Bahkan diduga dalam kasus ini berlaku asas Ne Bis In Idem, yakni kesamaan dalam objek perkara atau dengan kata lain terjadi pengulangan kasus.
Lantas bagaimana dengan kasus eks Dirut Garuda Emirsyah Satar, apakah benar berlaku asas Ne Bis In Idem?
Terkait hal ini, pakar hukum pidana yang juga dosen Fakultas Hukum Universitas Trisakti, Abdul Ficar Hadjar turut angkat bicara.
"Sebenarnya bisa disimpulkan begini, dari keseluruhan perbuatan itu oleh KPK disimpulkan bahwa berujung pada atau berinti pada gratifikasi. Penerimaan yang dilakukan oleh seseorang berkaitan dengan jabatannya yang kemudian itu juga dikualifikasi sebagai bagian dari tindak pidana korupsi.
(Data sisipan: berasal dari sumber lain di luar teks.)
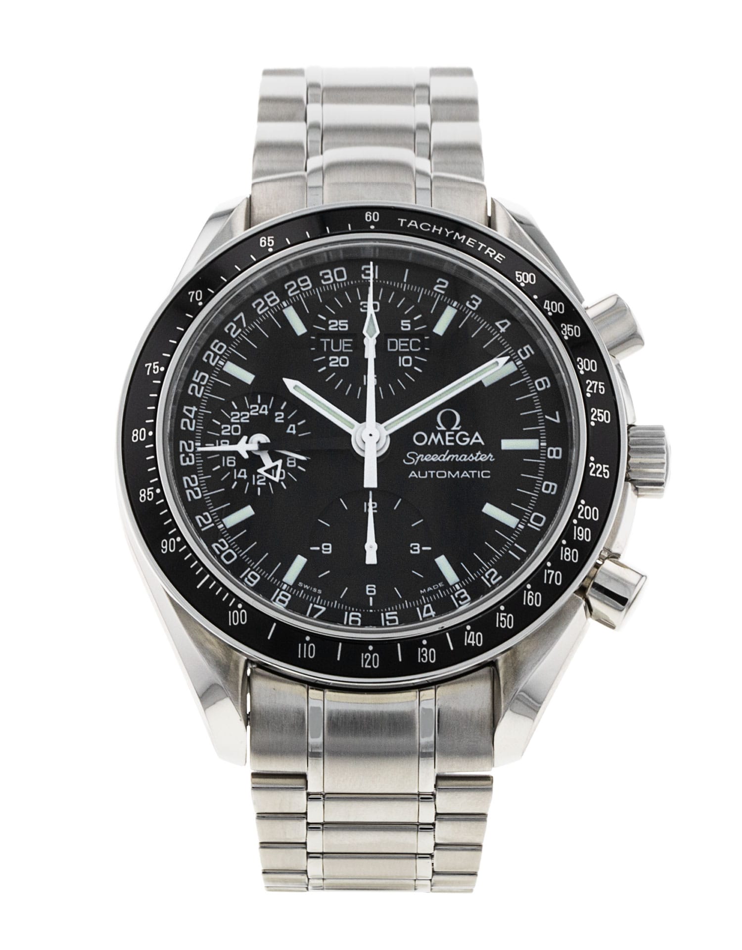 This Omega Speedmaster DayDate 3520.50.00 has a black baton dial and a bracelet strap. This Omega has undergone a thorough inspection of accuracy, functionality and condition at our Omega certified service centre to determine the level of reconditioning required to meet our strict standards. It has also been checked against our records to ensure authenticity. All our watches have a 24-month warranty for your peace of mind.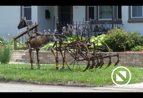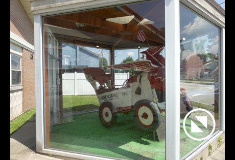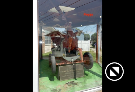 In 1934, Peggy the Flying Red Horse, was a Mobil Oil Pegasus bolted to a Ford Model T. It’s in a glass gazebo to protect it from the elements so it is hard to photograph without getting a reflection.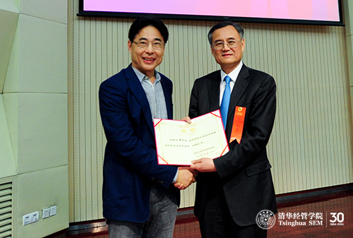 首先,白重恩教授宣读了清华经管学院校友会组织成员名单,清华经管学院院长钱颖一教授担任会长,清华经管学院党委书记杨斌教授、院长助理王珺教授担任副会长,组织成员还包括25位常务理事、51位理事、1位秘书长和3位副秘书长。同时,清华经管学院院长钱颖一教授为到场的校友会常务理事和理事颁发聘书。

Yang harus dipertanyakan adalah mengapa KPK ketika dulu mengusut pertama tidak fokus pada perbuatan yang sekarang diadili atau diambil alih oleh kejaksaan," ungkap Abdul Ficar di Jakarta, Sabtu (14/10).
Lebih lanjut menurut Abdul Ficar, jika kasus tersebut dirunut kembali dari awal maka perbuatan Emirsyah Satar menjadi penyalahgunaan kewenangan atau perbuatan melawan hukum yang menguntungkan pribadi dan merugikan negara, maka mau tidak mau menjadi pengulangan atas apa yang sudah dilakukan oleh KPK.
"Yang jadi pertanyaannya kan kenapa KPK dulu tidak menuntut dengan pasal 2 atau pasal 3 UU Korupsi tapi lebih memilih pada pasal-pasal gratifikasi yang dilakukan oleh KPK. Nah itu yang menjadi pertanyaan besar sebenarnya itu," ujar Abdul Ficar.
Kemudian, lanjut dia, fokus persoalannya adalah apakah perbuatan yang pernah dikualifikasi dalam satu tuntutan tertentu itu bisa diadili lagi.
"Ne Bis In Idem diatur dalam pasal 76 itu dinyatakan bahwa kecuali dalam hal putusan hakim yang mungkin masih diulangi, orang tidak boleh dituntut dua kali karena perbuatan yang sama, perbuatan yang oleh hakim di Indonesia, terhadap dirinya telah diadili dengan putusan yang menjadi tetap," ujar dia.